Homes supplied with a commercial rainwater toilet flushing unit or units, will not be required to comply with this Plumbing Note for the connection of the rainwater provincial point (toilet cistern only).

With the installation of this rainwater unit it is still a requirement to install a provisional rainwater point to the laundry facility for a washing machine cock.

Definitions

‘Single residential building’ means, a detached house or a building making up no more than 2 residences, and includes:

  • a part of such a building; and,
  • an adjunct to such a building (adjunct means an addition).

‘Separated greywater waste fixtures’ means a:

  • bath, including a spa bath; or,
  • hand basin other than a kitchen sink; or,
  • laundry tub; or,
  • shower; or,
  • floor waste for a room that contains no sanitary fixtures other than those mentioned in the above.

‘Greywater point’ means a point located outside and clear of any building or structure and will allow wastewater (greywater) to flow via gravity to a holding vessel for reuse. This point must be installed to allow the greywater line to move over or above the main sewer drain.

‘Greywater disposal system’ means a holding vessel or reservoir that is, or can be used to store greywater or a pipe or conduit that is, or can be, used to discharge grey water into the environment.

‘Rainwater supply service’ means water supply plumbing that can connect a rainwater supply to a:

  • cistern tap point; or,
  • washing machine tap point.

‘Rainwater washing machine point’ means, a capped provisional point left for future rainwater connection of a washing machine cock. Cap and flange of a chrome plated type.

‘Rainwater connection point’ means a point located external to the building allowing for connection of future rainwater supply for a second toilet inlet connection and or washing machine cock. This point is to be formed by a cap and flange of a chrome plated type.
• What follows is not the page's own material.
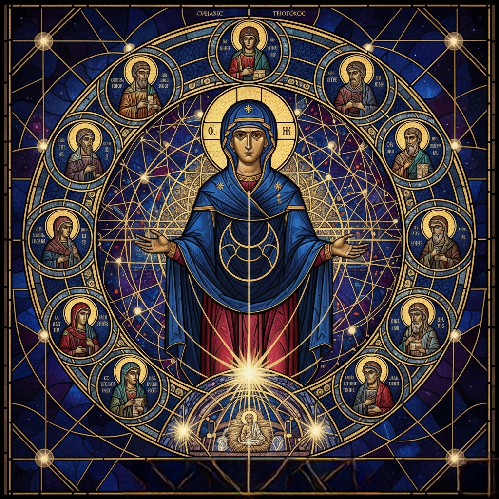 У грецькій лексиці слово синáксис означає сходження, але тут воно звучить як інтелектуальний жест. Зібратися означає не накопичити імена, а вибудувати поле взаємного резонансу. Марія у цьому полі функціонує як носій архетипу прийняття, не емоційного, а онтологічного. Її згода має характер космічної етики, де свобода не конфліктує з покликанням, а входить з ним у консонанс.
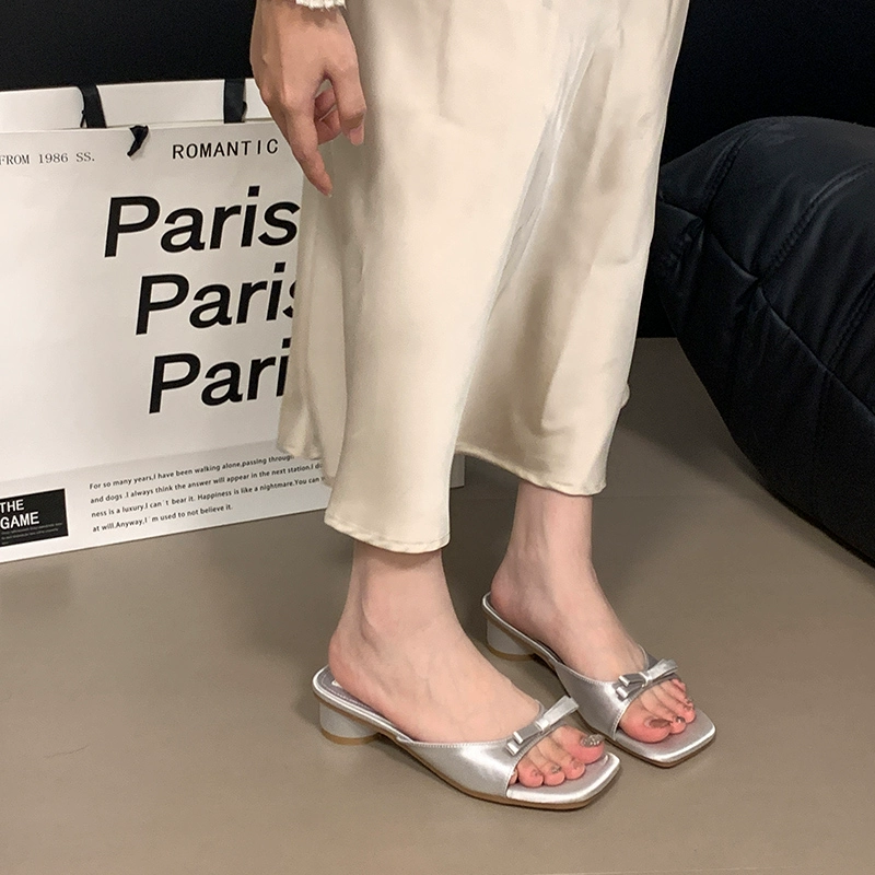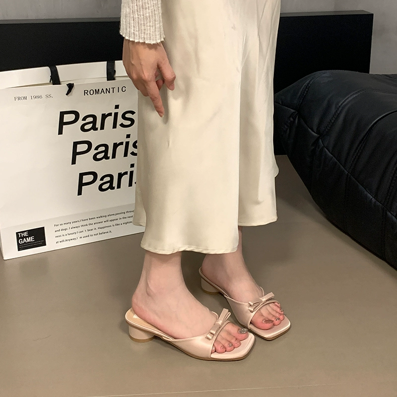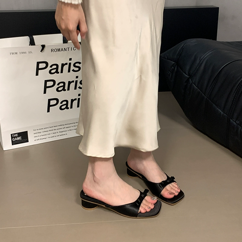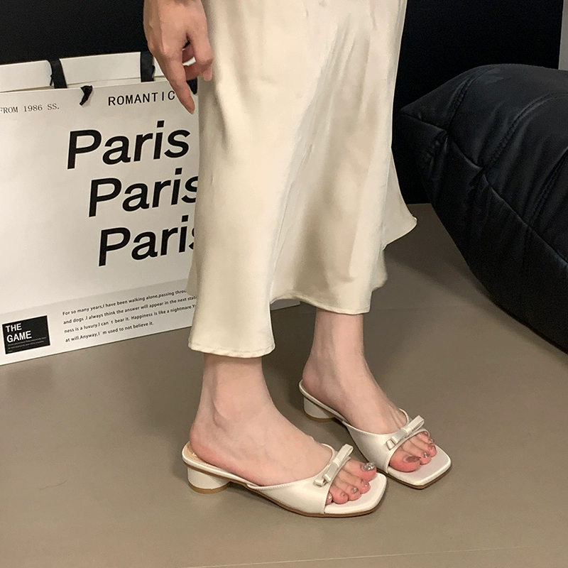 French one-piece belt with skirt, thick heels, sandals and bow tie

‘Rainwater toilet cistern point’ means a capped provisional point left for future connection of a second inlet valve for rainwater to the toilet cistern. This point is to be located on the left-hand side and formed by a cap and flange of a chrome plated type.

Note no galvanized caps or plugs will be permitted to form a provisional sealed point.

Further information

For further information refer to the Water fact sheets on the ACT Health website.

Note 22: Plumbing solutions for multi-unit developments (excluding multi-storey developments)

General

This Plumbing Note has been developed (and must be read in conjunction with) the Plumbing Code of Australia (PCA), Australian Standards AS/NZS 3500:2015 Part 1 (Water Services) Section 17 and Part 2 (Sanitary Plumbing and Drainage) Section 14.

This note sets out the requirements for the design, construction, and installation, of Multi-Unit Developments of 20 or more residential buildings, up to 3 storeys in height, on a single block and section, this note also applies to 3 or more residential units (sewer installations). Multi Storey Developments greater than 3 storeys are not part of this Plumbing Solution.

Background

Before April 2004, the in-ground water plumbing pipes and sanitary drainage lines on the lease of large Multi-Unit developments were designed to AS/NZS 3500 1996/98. These services are generally owned by the Body Corporate and in most cases are independent from the ACTEW Corporation utility mains. Applying the requirements of AS/NZS 3500 1996/98 to the main sewer and water lines may result in a lower standard of service to consumers.

Multi-unit developments 3 to 19

(Additional requirements)

Developments of 3 to 19 units on a single block, the common water supply and sewerage services must comply with AS/NZS 3500 2015 Part 1 & 2. In unit developments of 3 or more residential buildings on a single block, provision shall be made for:

  • A sanitary drain inspection shaft located at the unit entitlement boundary or as close as possible. (Complying with Plumbing Note 3).
  • One complying Overflow relief gully AS/NZS 3500.2 clause 4.6.6.
  • Additional overflow relief for sewerage surcharge for each unit, with a minimum 100mm separation for all additional overflow relief gullies.
  • An open air upstream vent to each unit.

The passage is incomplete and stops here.